Celluloid, as any fans of the film Cinema Paradiso will remember, is sadly flammable. That problem was solved in 1907 when Dr. L.H. Baekland heated carbolic acid and formaldehyde together to the presence of acids and created a synthetic resin. This wasn’t quite new, but when he added alkalies to the process the resin could become hard and inflexible. Applying heat and pressure before the resin hardened meant you could create all manner of objects more easily than with celluloid. This was bakelite. Now we got plastic ashtrays, decorative panels, radios, car fixtures, telephone cases, jewellery, dominoes, letter openers and electric insulation. The distinctive tone and texture of bakelite became part of the identity of the era.
Plastic keeps food fresh in a way other packaging does not
In 1929, polymerisation arrived. Polymerisation is the combination of molecules to create bigger chains of molecules which, when big enough, form a substance that is plastic. These materials can be heated and cooled without losing their properties. Bakelite cannot be remoulded; polymerised plastics can. This was how we got Perspex, a highly transparent glass-like substance, which was vital to the manufacture of fighter planes in the Second World War. Perspex was much less likely to shatter than glass. Polymerisation also gave us PVC, much derided now, but a great advancement.

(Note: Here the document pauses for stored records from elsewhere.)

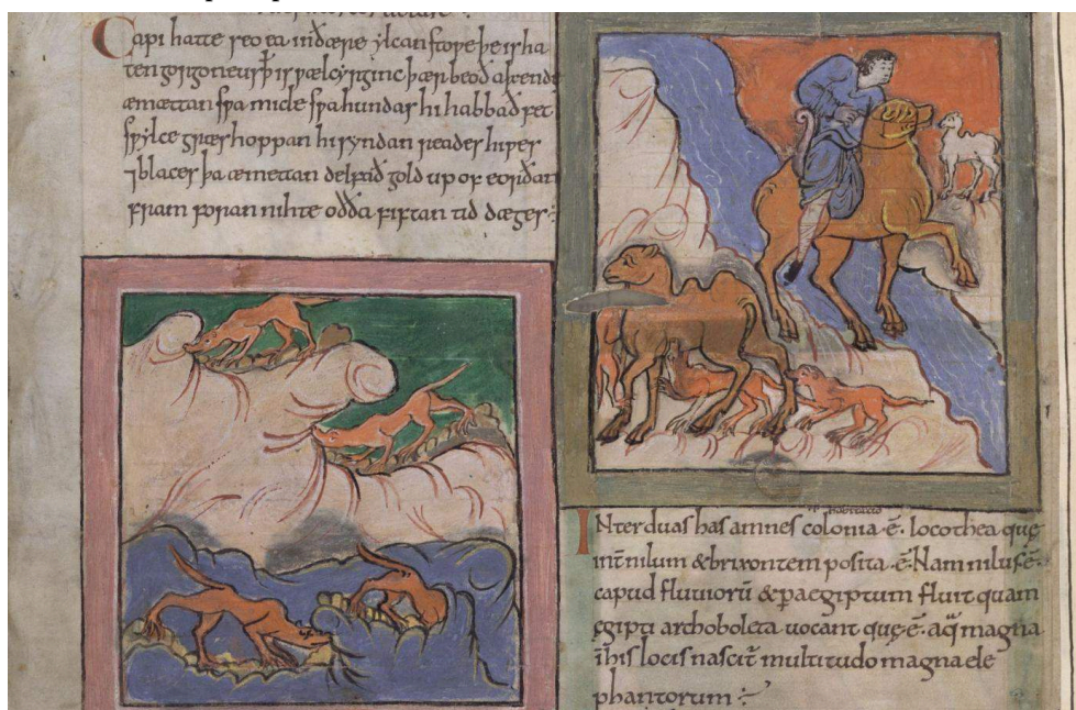
Illustration 1 : Fourmis chercheuses d'or dans la traduction en moyen anglais du De rebus in oriente mirabilibus . Ms. London BL Cotton Tiberius B V 1, XI e s., f. 80v, visible sur cette page : https://blogs.bl.uk/digitisedmanuscripts/2013/04/how-the-camel-got-the-hump.html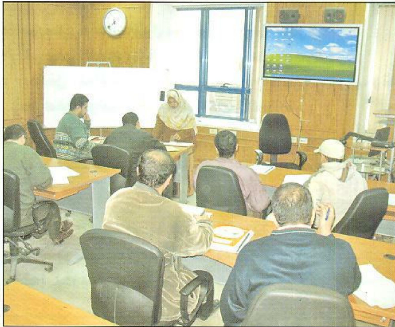
دورة مساعد فني أرصاد سينوبتكية لثمانية متدربين من مصر وعمان

أرصاد سينوبتكية ، يحضر الدورة دارس واحد من سلطنة عمان برسوم تدريب ٢٢٠٠ دولار أمريكي بالإضافة إلي سبعة دارسين من الهيئة . - يعقد خلال الفترة من أول يناير حتي ٣٠ يونيو ٢٠٠٨ دورة إعداد راصد جوي لثلاثة دارسين من سلطنة عمان برسوم تدريب قدرها ٧٥٠٠ دولار أمريكي ، بالإضافة إلي دارس واحد من الهيئة .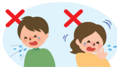
何もせずに咳やくしゃみをする 咳やくしゃみを手でおさえる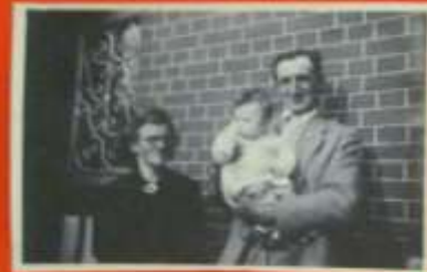
Mamie, Papi, Petit, Maman et Papa

Mamie et Papi, Mamie et Papi, Mamie et Papi, Mamie et Papi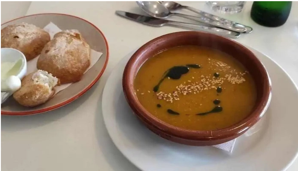
La corniche sopa de calabaza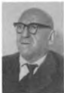
Э. В. ШПОЛЬСКИЙ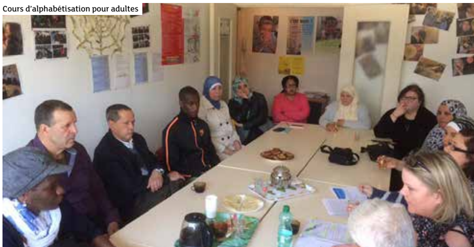
Cours d'alphabétisation pour adultes

PVC is used to make sewage and water pipes, well-insulated windows, and guttering and drainpipes, as well as casing wire rope and aircraft cables, making them easier to handle and protecting them from corrosion.
The most well known synthetic plastic is Nylon, invented in the U.S.A. in the 1930s. We know it for its use in stockings, but it was more significant in the Second World War as the basis of parachutes and tents. It also produces brush bristles. Plastics played a huge role in the Second World War, in everything: lightweight pistol grips, pilot goggles, rifle-oil bottles, waterproof match boxes, components of grenades, even teflon containers for the chemicals used in the Manhattan Project. Production boomed after the war, starting the availability of plastic we know today.

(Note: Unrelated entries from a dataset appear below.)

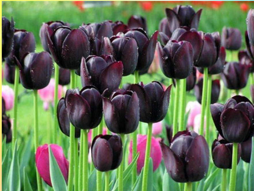
тюльпан Черный принц

Названия видов и сортов растений, овощей, фруктов, цветов в специальной литературе пишутся с прописной буквы, например: крыжовник Слава Никольская, морковь Нантская, фиалка Пармская, пшеница Днепровская-521.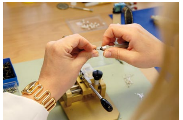
Tige anpassen und Krone montieren.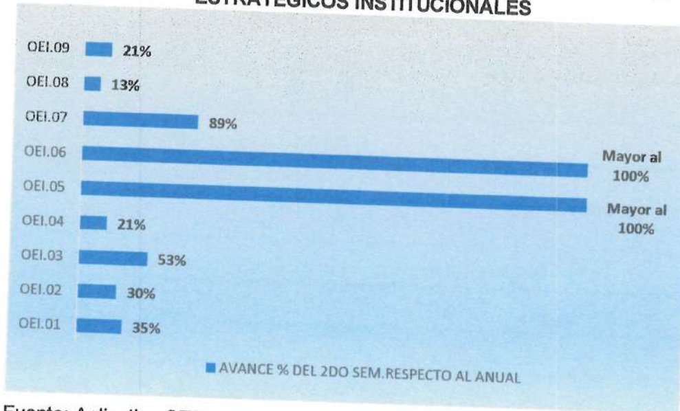
Gráfico N°01: AVANCE FÍSICO PORCENTUAL DE LOS OBJETIVOS ESTRATÉGICOS INSTITUCIONALES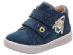
1-000772-8030 BLAU, VELOUR/EFFEKTLER/NUBPA/TEXTIL

Upper: siehe oben | Sohle: PU Futter: Lederfutter | Größe: 19-28 Liefertermin: ab Anfang August | WMS mittel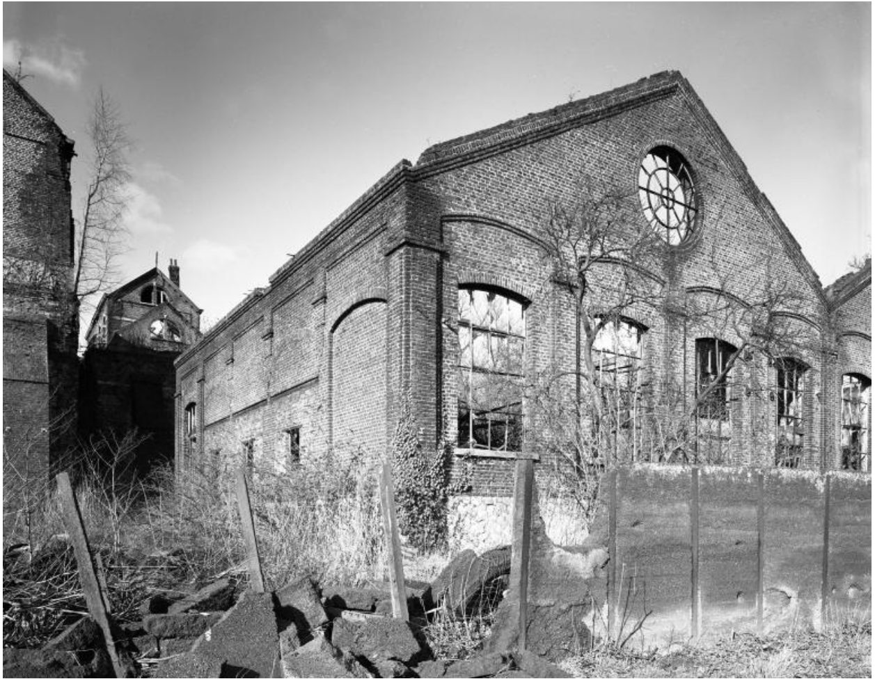
Sous-station électrique. Élévation sur la Sambre. À l'arrière-plan, à gauche, la conciergerie.

Plastic today is often a convenience, such as in luggage, which is now much more portable. But plastic is also an essential part of modern life. You may have mouldings in your dental work and will be glad of its impermeability. Children’s crockery is plastic for good and obvious reasons. Laboratories are full of plastic equipment. Products like toothpaste now come in plastic tubes, a great improvement on the old tin and lead. One of the reasons we are able to safely feed such a large global population is because plastic keeps food fresh in a way other packaging does not.
Of course, plastic is a terrible scourge on the environment, particularly oceans and rivers, but innovative efforts are underway to resolve this problem. The Ocean Clean Up company has removed hundreds of thousands of tonnes of plastic from rivers and oceans. They are currently developing a new system that will continue this work. One of the things they use to help design trash interceptors is lego, one of the most famous and enduring forms of plastic. Rather than hating plastic and wanting to ban it, we should learn to love this remarkable material and support the efforts of The Ocean Clean Up to make-sure we can benefit from plastic in the future.